Likewise, WHO guidelines take a tough stance on the secondary use of public health data for purposes unrelated to public health. In particular, the guidelines argue that public health data should not be shared with “agencies that could take action against individuals”. In a post-Roe vs Wade world, there is growing concern and distrust that governments will acquire and use private data against individuals; for example, using data from a cycle tracking app to determine if a pregnancy has occurred. To prevent law enforcement overruns, you may need to consider additional protections for data received from public health authorities. For example, there are strong protections against law enforcement uses in the legal framework for substance use disorder treatment records.
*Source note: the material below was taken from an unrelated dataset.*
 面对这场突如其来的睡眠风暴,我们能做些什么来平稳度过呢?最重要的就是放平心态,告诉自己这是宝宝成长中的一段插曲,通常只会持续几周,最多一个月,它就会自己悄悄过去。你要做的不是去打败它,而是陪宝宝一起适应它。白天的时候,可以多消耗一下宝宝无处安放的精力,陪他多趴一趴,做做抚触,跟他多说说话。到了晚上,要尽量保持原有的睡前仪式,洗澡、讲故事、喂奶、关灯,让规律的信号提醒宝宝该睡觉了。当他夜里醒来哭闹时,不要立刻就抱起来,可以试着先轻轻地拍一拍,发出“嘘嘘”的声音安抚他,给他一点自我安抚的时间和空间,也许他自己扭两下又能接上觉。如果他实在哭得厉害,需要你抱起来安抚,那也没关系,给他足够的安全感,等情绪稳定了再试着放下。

In fact, a group of 30 senators asked the administration to update the HIPPA regulations to prevent that overshoot. Similar and carefully crafted protections in new privacy legislation could serve as the basis for a new social contract: when an individual provides data to help their community, that data will not be used against the individual.
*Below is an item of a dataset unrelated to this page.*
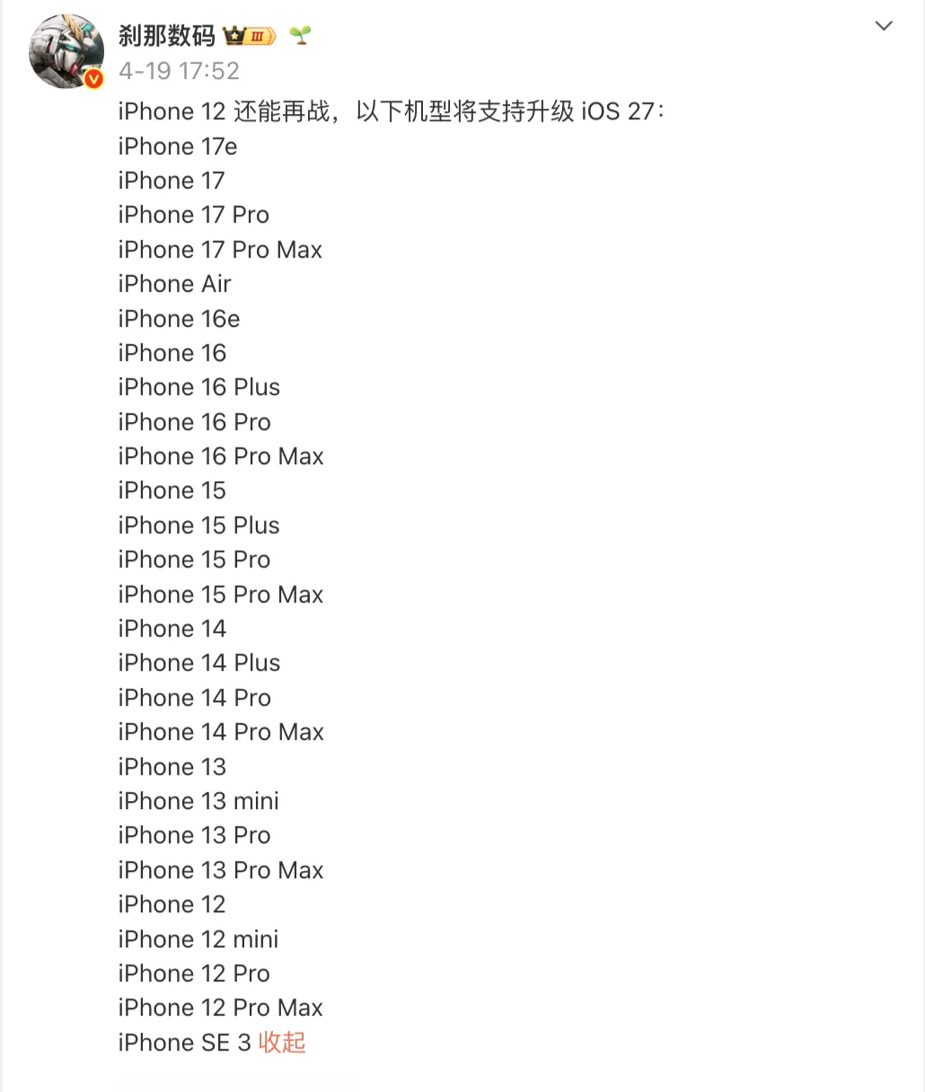 也就是说,这4款老iPhone将止步于iOS 26系统了,iPhone12系列将成为支持iOS 27最老的机型。

The state acts have so far disappointed

Unfortunately, the comprehensive state privacy laws passed so far have not lived up to these ethical access expectations. At the time of this writing, the following states have enacted comprehensive data privacy legislation (listed in chronological order of passage): California, Virginia, Colorado, Utah, and Connecticut. A recent analysis of the California, Virginia, and Colorado laws showed that while the California and Colorado laws broadly support public health data practices, the Virginia law risks reducing them in important ways and the Colorado law may not meet ethical standards for reporting data subjects.

There is still time for public health to set foot in the door

There is still time for public health to step in the door, and thus enter the debate and ensure effective and ethical public health provisions in the new legislation. Although the ADPPA exited the Chamber’s Energy and Commerce Commission in a solidly bipartisan 52-to-2 vote, Senator Nancy Pelosi withheld the bill from a grassroots vote, citing concern that the law does not provide the broad protections that she states California law provides. The Federal Trade Commission also recently notified a regulatory proposal, inviting the public and interested groups to comment on whether “it should implement new trade regulation rules or other regulatory alternatives regarding how companies collect, aggregate, protect, use, analyze and store consumer data “.
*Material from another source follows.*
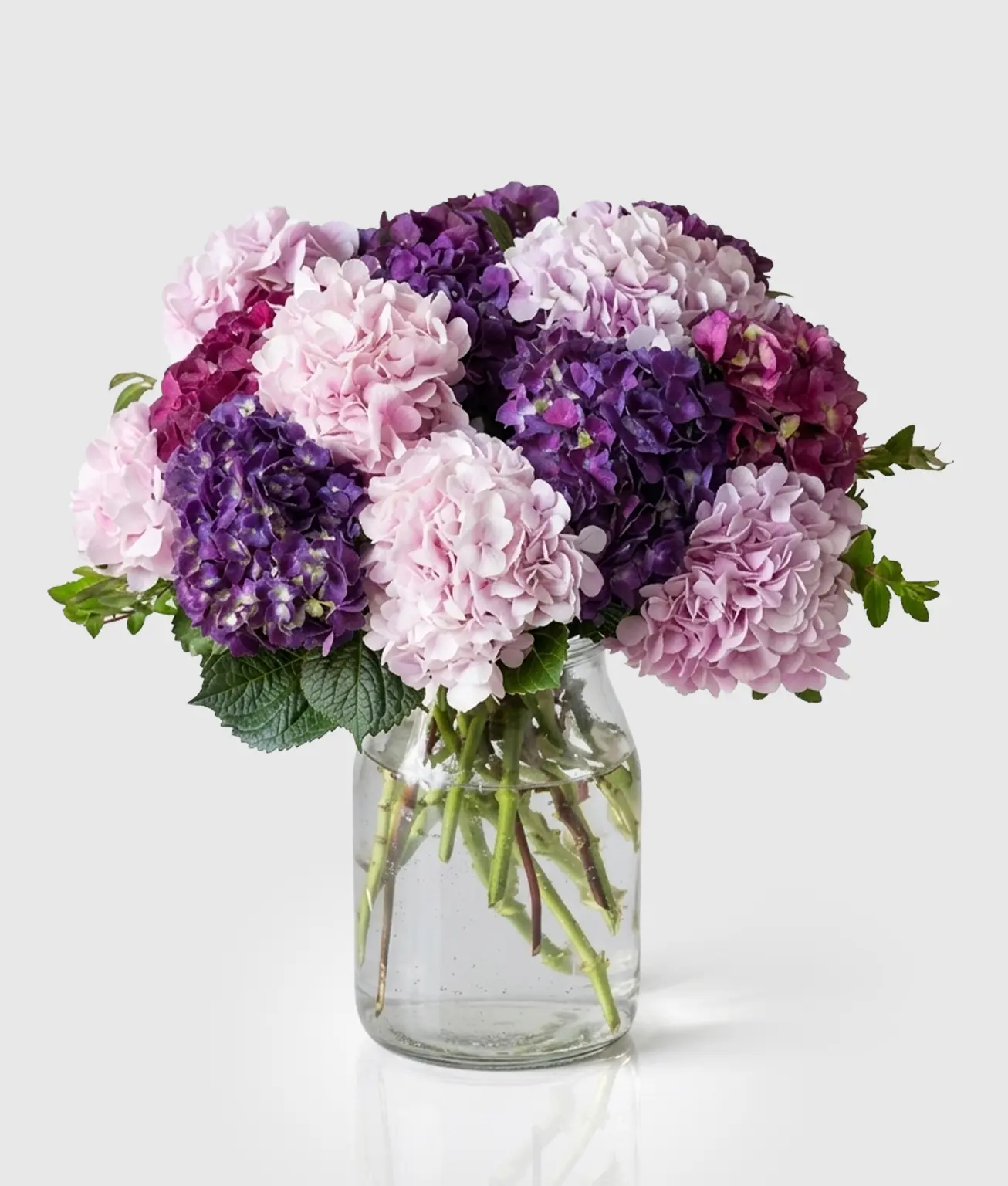 This arrangement features a mix of Pink Hydrangeas, Purple Hydrangeas and Green Vaccinium Leaf.

In the flow of debates over new US data protection laws, public health has opportunities for greater access to critical data. But the legislative debate has thus far been driven by diverging views between industry and privacy advocates on the appropriate scope of commercial data practices and the extent of preemptive state laws (such as California’s) governing data use. commercial. Public health prospects have largely been absent. Without public health involvement, the new laws may not improve access to data for public health purposes and may, in fact, prevent access to it.

Immediate actions for stakeholders

First, public health stakeholders need to speak up to ensure that any new law does not harm existing public health data streams. Second, they must ensure that any new law provides space for public health information technology for development, under adequate governance, as information technology develops or as new resources dedicated to public health infrastructure allow public health to expand current capabilities. One example is the current public health data modernization initiative. Finally, public health stakeholders must ensure that legislation respects the ethical limits imposed on the uses of public health data that WHO and others have articulated.

Note from the authors

The authors would like to thank Professor James G. Hodge, Jr., Dr Michael Morrisey, and Dr William Sage for their thoughtful comments on this work. This work was supported in part by Texas A&M University’s T3 program. Charles Curran is an independent consultant who advises industry members on data policy issues, including consent. Relationships with industry members are only tangential to the topic of this article (encouraging public health to engage in privacy legislative debates). However, the authors note that these industry members would be subject to ADPPA rules.